Fall arrest harnesses are made of high-strength polyester or nylon webbing. In the minds of workers, this material is indestructible canvas. But the webbing is a woven structure of thousands of individual fibers, and it has a mortal enemy: grit.
A harness worn in a steel fabrication shop, a gravel pit, or a concrete plant inevitably gets dragged in the dirt, soaked in oil, and covered in concrete slurry. The problem is not the dirt on the surface; it is the dirt trapped inside the weave. The silica grit from concrete, metal shavings from grinding, and sand from the ground work their way deep into the spaces between the fibers.
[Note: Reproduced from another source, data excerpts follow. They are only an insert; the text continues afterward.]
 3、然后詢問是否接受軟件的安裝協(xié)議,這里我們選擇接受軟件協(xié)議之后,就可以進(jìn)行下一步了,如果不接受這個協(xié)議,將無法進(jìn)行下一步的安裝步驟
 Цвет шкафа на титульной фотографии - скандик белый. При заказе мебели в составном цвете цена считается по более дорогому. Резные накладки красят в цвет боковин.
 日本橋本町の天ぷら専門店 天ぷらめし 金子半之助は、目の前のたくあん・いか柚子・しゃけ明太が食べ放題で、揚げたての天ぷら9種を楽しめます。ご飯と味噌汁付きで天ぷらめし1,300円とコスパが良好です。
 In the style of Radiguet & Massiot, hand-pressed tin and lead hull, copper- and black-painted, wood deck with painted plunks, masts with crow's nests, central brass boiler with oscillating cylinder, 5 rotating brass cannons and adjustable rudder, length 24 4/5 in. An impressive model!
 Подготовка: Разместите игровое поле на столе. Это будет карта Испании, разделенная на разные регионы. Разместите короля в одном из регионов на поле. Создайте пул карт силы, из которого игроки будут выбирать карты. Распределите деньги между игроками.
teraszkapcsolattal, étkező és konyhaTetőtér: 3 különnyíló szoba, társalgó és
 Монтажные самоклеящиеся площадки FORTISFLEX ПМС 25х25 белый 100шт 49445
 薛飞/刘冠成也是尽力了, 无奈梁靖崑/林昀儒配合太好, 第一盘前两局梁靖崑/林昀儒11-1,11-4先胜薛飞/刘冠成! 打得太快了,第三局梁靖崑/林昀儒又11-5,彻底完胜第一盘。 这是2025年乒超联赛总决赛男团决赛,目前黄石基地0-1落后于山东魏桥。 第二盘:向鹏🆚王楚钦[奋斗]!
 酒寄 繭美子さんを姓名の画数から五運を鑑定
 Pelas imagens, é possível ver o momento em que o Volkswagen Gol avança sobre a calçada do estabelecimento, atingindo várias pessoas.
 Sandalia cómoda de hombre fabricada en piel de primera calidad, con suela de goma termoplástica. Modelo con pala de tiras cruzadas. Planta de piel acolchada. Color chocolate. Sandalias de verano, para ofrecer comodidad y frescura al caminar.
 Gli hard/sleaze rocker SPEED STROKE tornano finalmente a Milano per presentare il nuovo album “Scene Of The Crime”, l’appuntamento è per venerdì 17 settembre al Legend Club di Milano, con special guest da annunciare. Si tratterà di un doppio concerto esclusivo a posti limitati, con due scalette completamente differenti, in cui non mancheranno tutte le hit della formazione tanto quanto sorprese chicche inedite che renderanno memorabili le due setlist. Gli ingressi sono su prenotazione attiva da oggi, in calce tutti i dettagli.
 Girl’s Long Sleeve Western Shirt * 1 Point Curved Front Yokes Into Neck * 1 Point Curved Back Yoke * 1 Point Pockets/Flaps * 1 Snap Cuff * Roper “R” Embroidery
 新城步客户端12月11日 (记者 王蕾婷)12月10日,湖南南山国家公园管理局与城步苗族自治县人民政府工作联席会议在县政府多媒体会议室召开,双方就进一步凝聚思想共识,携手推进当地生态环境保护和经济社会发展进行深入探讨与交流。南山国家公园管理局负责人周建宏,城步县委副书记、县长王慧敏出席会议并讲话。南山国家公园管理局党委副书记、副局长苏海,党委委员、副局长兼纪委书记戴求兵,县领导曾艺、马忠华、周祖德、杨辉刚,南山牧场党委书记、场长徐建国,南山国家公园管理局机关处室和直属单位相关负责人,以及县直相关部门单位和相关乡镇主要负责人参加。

When the worker climbs, adjusts their gear, or, most critically, when they fall and arrest, the webbing stretches and elongates rapidly. Under this tension, the grit acts like microscopic sandpaper. The trapped particles grind against the individual fibers, shearing them one by one. This is called internal abrasion. From the outside, the webbing looks fuzzy or faded, but structurally, the load-bearing fibers have been cut to a fraction of their original strength.
A worker falls, and the harness, loaded with mud, snaps at the stress point because the internal integrity is gone. Maintenance is critical. You must inspect the webbing by gently flexing it to separate the fibers. Look for "fuzzing" where the fibers are breaking on the surface, or hard, gritty lumps inside the weave. Never wash a harness in a washing machine-the agitation destroys the fibers. Wash it by hand with mild soap and water, scrubbing the webbing to lift out the abrasive grit. If the webbing is stiff, heavily stained, or feels like it has internal grit that won't wash out, the harness must be destroyed. A clean harness is a strong harness; a dirty harness is a broken strap waiting to drop you.